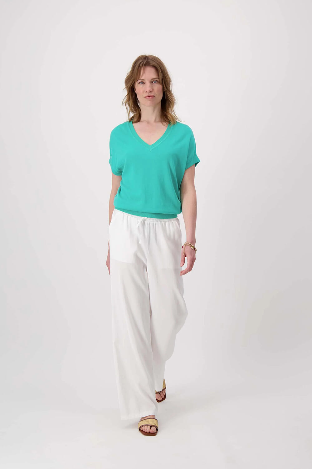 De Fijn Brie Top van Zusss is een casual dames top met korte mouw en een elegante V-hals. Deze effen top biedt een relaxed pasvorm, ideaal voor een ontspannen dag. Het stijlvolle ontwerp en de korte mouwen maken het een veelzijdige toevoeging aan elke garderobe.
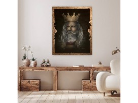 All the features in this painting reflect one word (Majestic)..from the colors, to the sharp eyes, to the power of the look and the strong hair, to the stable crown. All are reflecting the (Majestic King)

━━━━━━━━━━━━━━━━━━━━

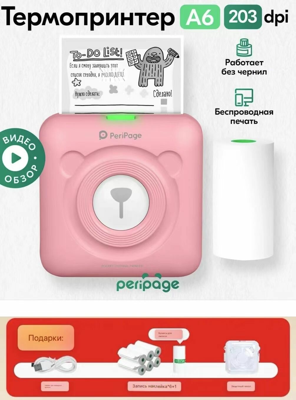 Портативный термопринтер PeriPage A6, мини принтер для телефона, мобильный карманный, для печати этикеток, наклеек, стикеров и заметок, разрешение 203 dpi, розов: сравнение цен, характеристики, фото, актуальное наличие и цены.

━━━━━━━━━━━━━━━━━━━━

Starting with the line above that holds "De Fijn Brie", restate each line word for word up to and including the line that holds "All the features". Drop the pictures.

 De Fijn Brie Top van Zusss is een casual dames top met korte mouw en een elegante V-hals. Deze effen top biedt een relaxed pasvorm, ideaal voor een ontspannen dag. Het stijlvolle ontwerp en de korte mouwen maken het een veelzijdige toevoeging aan elke garderobe.
 All the features in this painting reflect one word (Majestic)..from the colors, to the sharp eyes, to the power of the look and the strong hair, to the stable crown. All are reflecting the (Majestic King)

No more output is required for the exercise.